What you have to do: Would you reproduce the whole listing exactly, dropping any pictures it holds?

Raw data:
+++++
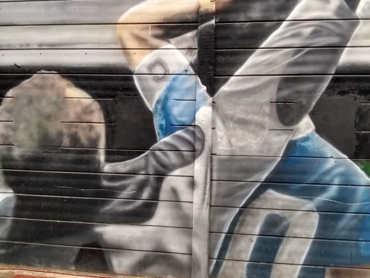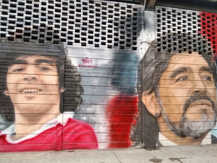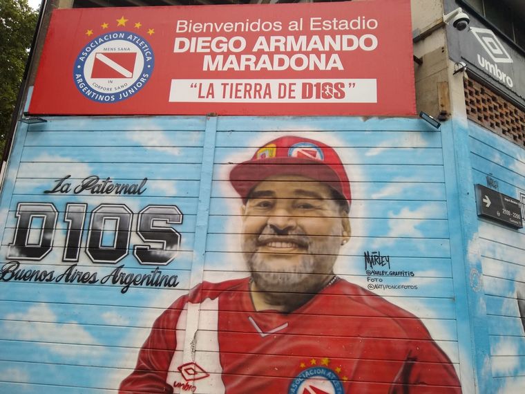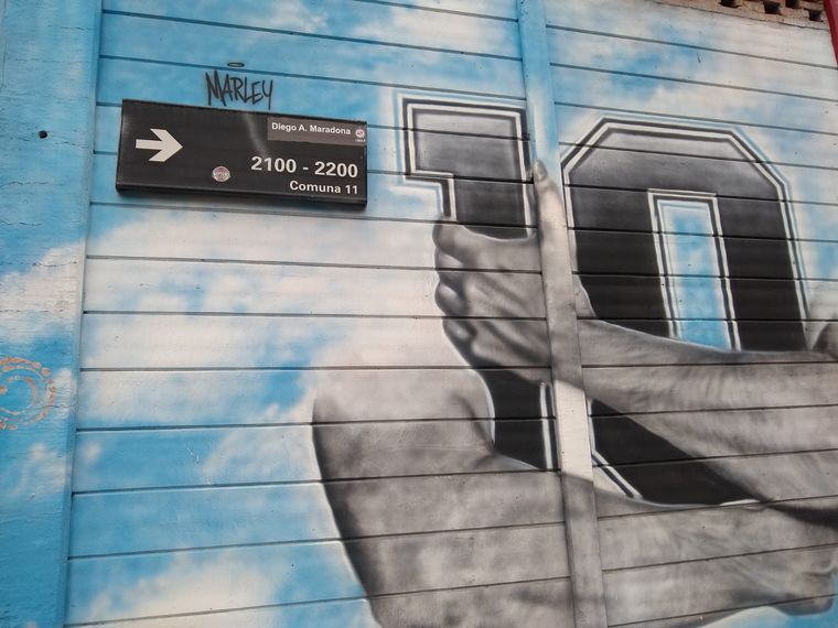 Los alrededores del lugar que fue bautizado con su nombre, tiene postales de distintos momentos de la vida de Diego, en formato de murales.
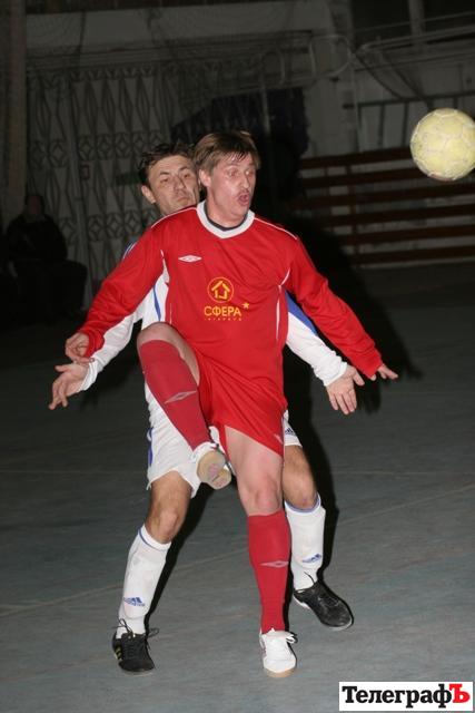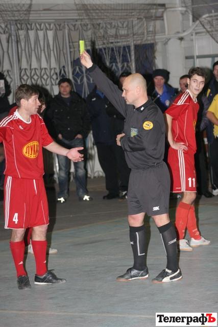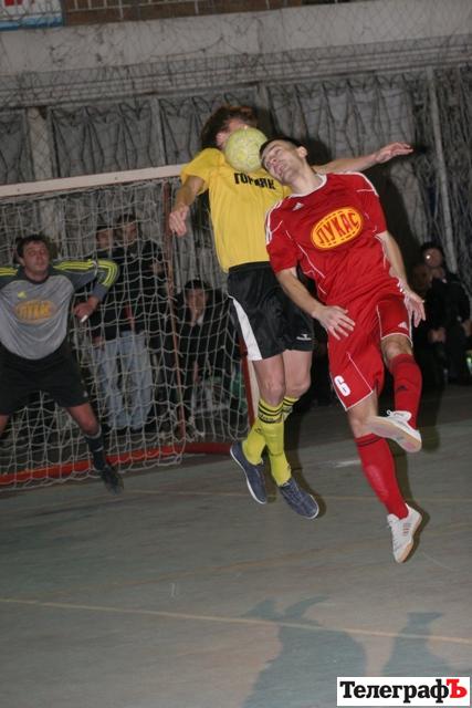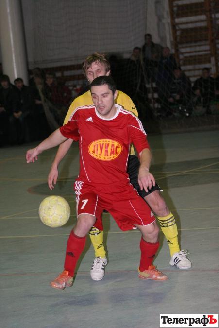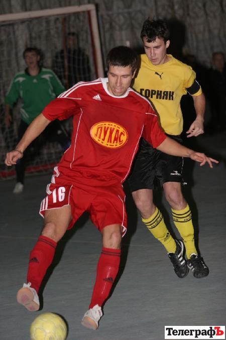 Уже на 20-й секунде игры Александру Петько (так и не залечившего повреждение мизинца) пришлось выручать свою команду после удара Артёма Козлова. Через четыре минуты опасный момент возник и у противоположных ворот. Александр Ларионов, которому Сергей Шаманский доверил место в первой четвёрке, прошёл по правому флангу и пробил мимо Богдана Подорожнего, однако на линии ворот своего голкипера подстраховал защитник. На 6-й минуте только реакция Петько и доля везения не позволяют мячу пересечь линию ворот после удара Руслана Дегтяря. Через три минуты блеснул реакцией и Богдан Подорожний, который в шпагате ногой достал мяч в нижем углу после удара Максима Крупина. Одним словом зрителям скучать не приходилось: борьба, скорость, а главное голевые моменты – всего этого на площадке было в достаточном количестве. С одной стороны молодость и спортивная наглость, подкреплённая определённым мастерством, а с другой стороны опыт и амбиции, как раз то, что нужно для зрелищного матча. Первый гол стал следствием как раз того самого мастерства, которого для уровня города у игроков «Горняка-2» уже вполне достаточно. Сергей Лапа накрутил на углу площадки двоих соперников и отдал зрячий пас на Ваге Саркисяна, конёк которого штрафной «пятачёк». Приняв одним касанием, вторым Ваге пробил низом, резко и точно. Через минуту, приняв длинный ввод мяча от свого вратаря Никита Вовченко имел возможность нанести подряд сразу два удара, но с обеими блестяще справился Петько. Затем Максим Крупин на своём фирменном замахе уложил сразу двоих соперников, но третий всё же успел встать на пути мяча, не позволив форварду «Лукаса» нанести разящий удар. На 17-й минуте тайма «Лукас» нахватался уже 5 фолов, однако, забегая наперёд, скажем, что ни одного 10-ти метрового удара «Горняку-2» пробить так и не довелось. Сравнять счет удалось Андрею Акуленко, нехитрым ударом низом застав врасплох Подорожнего. Тут же вывести «Лукас» вперёд мог Крупин, но на этот раз Подорожный сыграл надежно. За 5 минут до конца тайма обязан был забивать Максим Шаманский, но простил соперника, пробив мимо ворот. А за минуту до перерыва уже Лапа не воспользовался своим шансом, при выходе два в одного, решив пробить самому вместо того, что бы отдать пас на партнёра, который находился в более выгодной позиции.
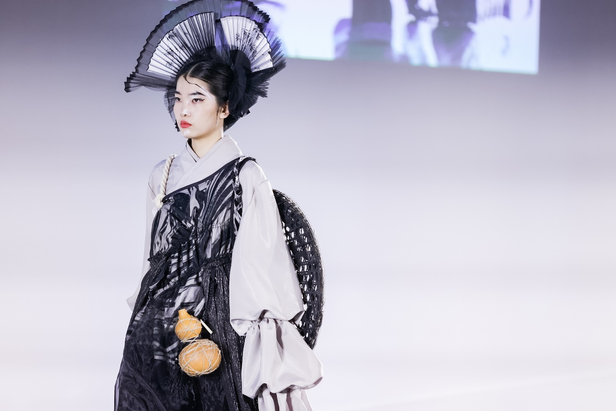 我校“出壳观新”服饰文化大秀作为“艺稻·大美”青年艺术创想周的重要活动之一,集造型艺术、舞台艺术和影视艺术于一体,探索当代艺术精神数字化呈现,为大家上演了一场流光溢彩的T台展示秀。
+++++
Expected output:
 Los alrededores del lugar que fue bautizado con su nombre, tiene postales de distintos momentos de la vida de Diego, en formato de murales.
 Уже на 20-й секунде игры Александру Петько (так и не залечившего повреждение мизинца) пришлось выручать свою команду после удара Артёма Козлова. Через четыре минуты опасный момент возник и у противоположных ворот. Александр Ларионов, которому Сергей Шаманский доверил место в первой четвёрке, прошёл по правому флангу и пробил мимо Богдана Подорожнего, однако на линии ворот своего голкипера подстраховал защитник. На 6-й минуте только реакция Петько и доля везения не позволяют мячу пересечь линию ворот после удара Руслана Дегтяря. Через три минуты блеснул реакцией и Богдан Подорожний, который в шпагате ногой достал мяч в нижем углу после удара Максима Крупина. Одним словом зрителям скучать не приходилось: борьба, скорость, а главное голевые моменты – всего этого на площадке было в достаточном количестве. С одной стороны молодость и спортивная наглость, подкреплённая определённым мастерством, а с другой стороны опыт и амбиции, как раз то, что нужно для зрелищного матча. Первый гол стал следствием как раз того самого мастерства, которого для уровня города у игроков «Горняка-2» уже вполне достаточно. Сергей Лапа накрутил на углу площадки двоих соперников и отдал зрячий пас на Ваге Саркисяна, конёк которого штрафной «пятачёк». Приняв одним касанием, вторым Ваге пробил низом, резко и точно. Через минуту, приняв длинный ввод мяча от свого вратаря Никита Вовченко имел возможность нанести подряд сразу два удара, но с обеими блестяще справился Петько. Затем Максим Крупин на своём фирменном замахе уложил сразу двоих соперников, но третий всё же успел встать на пути мяча, не позволив форварду «Лукаса» нанести разящий удар. На 17-й минуте тайма «Лукас» нахватался уже 5 фолов, однако, забегая наперёд, скажем, что ни одного 10-ти метрового удара «Горняку-2» пробить так и не довелось. Сравнять счет удалось Андрею Акуленко, нехитрым ударом низом застав врасплох Подорожнего. Тут же вывести «Лукас» вперёд мог Крупин, но на этот раз Подорожный сыграл надежно. За 5 минут до конца тайма обязан был забивать Максим Шаманский, но простил соперника, пробив мимо ворот. А за минуту до перерыва уже Лапа не воспользовался своим шансом, при выходе два в одного, решив пробить самому вместо того, что бы отдать пас на партнёра, который находился в более выгодной позиции.
 我校“出壳观新”服饰文化大秀作为“艺稻·大美”青年艺术创想周的重要活动之一,集造型艺术、舞台艺术和影视艺术于一体,探索当代艺术精神数字化呈现,为大家上演了一场流光溢彩的T台展示秀。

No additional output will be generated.